Fig 4. Transcription of many genes altered in cells with short compared to long telomeres.

A-B. Differential mRNA expression of genes with altered promoter occupancy of TRF2 in cells with short/long telomeres. mRNA expression was checked by qPCR for genes in which TRF2 promoter occupancy was reduced in HT1080-LT cells compared to HT1080 cells (A), and MRC5-OF7 or OF14 cells compared to untreated MRC5 cells (B). CTCF was used as a negative control. Error bars indicate ± SD from three independent experiments; significance was tested by paired T-test -* <0.05; **<0.01.

Fig 5. Promoter epigenetic modifications altered in cells with short versus long telomeres.

A-C. Promoter occupancy H3K4me1 (A), H3K4me3 (B) and H3K27me3 (C) in HT1080-LT relative to HT1080 cells. Error bars indicate ± SD from three independent experiments; significance was tested by paired T-test -* <0.05; **<0.01.

Fig 6. Telomere sequestration-partition model–non-telomeric versus telomeric TRF2 binding in cells with long vis-à-vis short telomeres.

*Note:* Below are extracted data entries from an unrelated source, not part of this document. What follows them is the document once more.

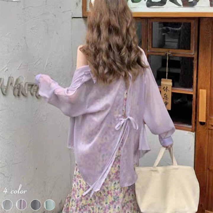 2A41 4カラーシアーシャツ ブラウス バックリボンシアーシャツ 透け感ブラウス UV対策 トレンド感 トップス ロングシャツ レディース シャツ 大きいサイズ長袖 ロング 薄手 日焼け ゆったり
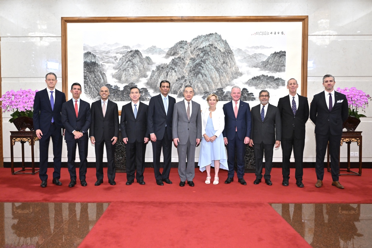 Foreign Minister Wang Yi (center) poses for a group photo in Beijing on Monday with a delegation from the board of directors of the US-China Business Council. (YUE YUEWEI/XINHUA)
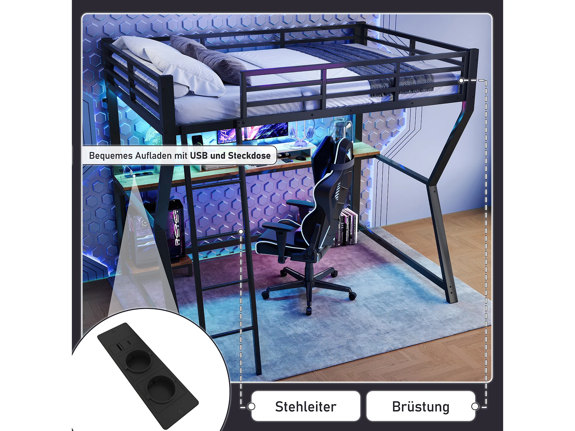 Hoogslaper 90 x 200 cm met bureau, stopcontact + USB-poort en planken - Sfeerverlichting - Metaal - Zwart (matras niet inbegrepen)
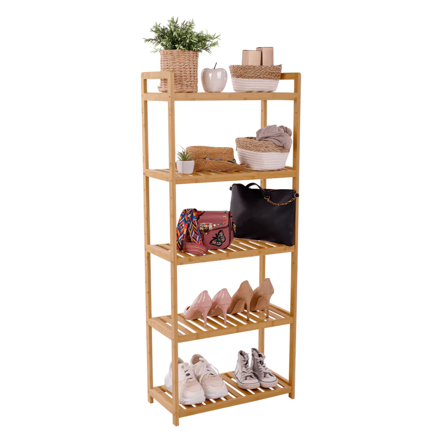 Praktický 5-policový bambusový regál FIORE TYP 3 se bude vyjímat v koupelně, předsíni, kuchyni, ale také v obývacím pokoji.
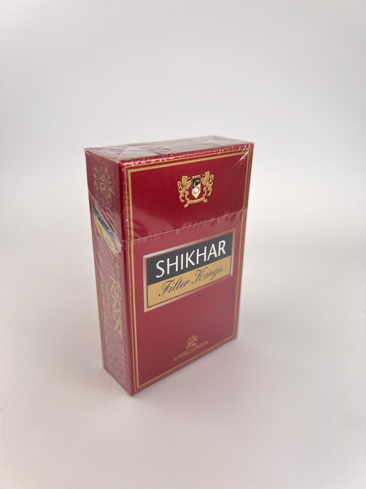 Dark red, solid package with gold trim and subtle shine. Name in the center SHIKHAR Filter Kings, presented on a black background with a gold frame that highlights the elegance of the brand. At the top is the classic coat of arms with two lions, and at the bottom is the word VIRGINIA, indicating the type of tobacco. The left side features a vertical inscription „Shikhar – Smoke in Sophisticated Style“, while the back side repeats the design with inscriptions in Hindi, which adds authenticity and local identity. The packaging is characterized by strict symmetry, clean typography and maintains a balance between tradition and modernity.
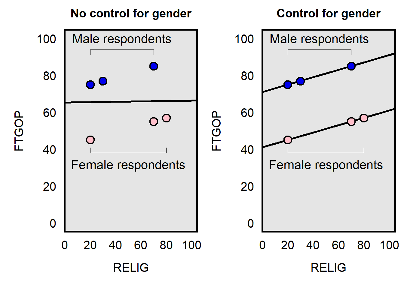 Let’s use a different stylized example to illustrate how adding statistical control can make a coefficient that is already in a regression be more extreme than the coefficient was before. For this example, we have three male respondents and three female respondents, with measures of respondent ratings about Republicans (FTGOP) and respondent religiosity (RELIG). As indicated below, a control for participant gender makes the coefficient for RELIG more extreme: the slope of the line of best fit for RELIG is 0.01 in the left plot but is 0.20 in the right plot.
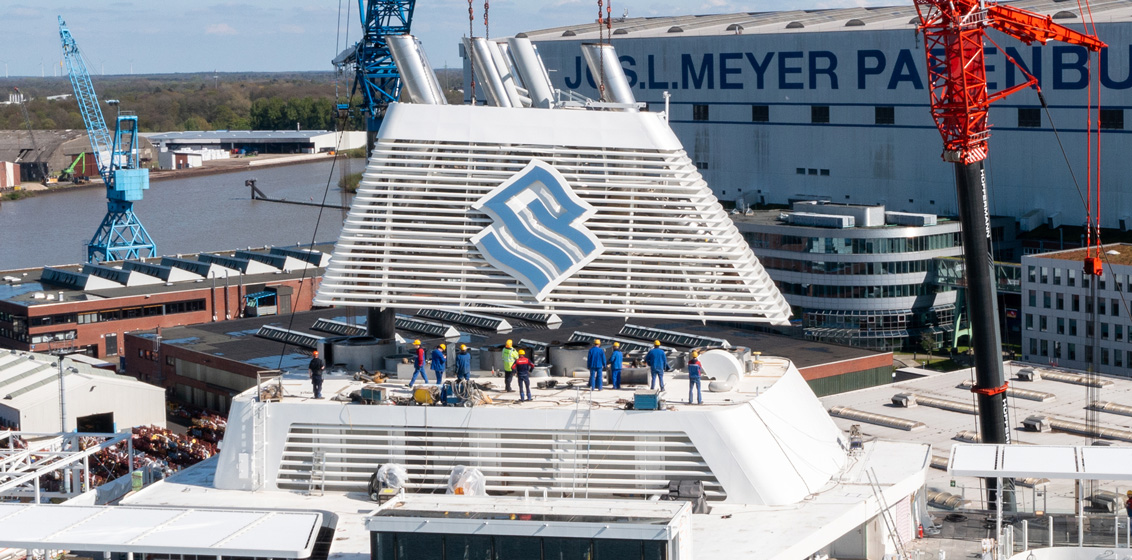Meyer Werft’s skilled craftspeople cleaned the ship’s hull, attached her funnel, and installed her LNG and radar masts. Unique to the Meyer Werft shipyard, Silver Nova’s next journey—scheduled for the end of May—will entail a conveyance of 32km down the narrow Ems River to the sea.

In cells with long telomeres increase in telomere-bound TRF2 restricts non-telomeric TRF2 occupancy. On the other hand, in cells with short telomeres, more TRF2 is available for binding at non-telomeric promoter sites. Increased TRF2 binding at promoters in cells with short vis-à-vis elongated telomeres result in altered chromatin histone modifications and influence transcription.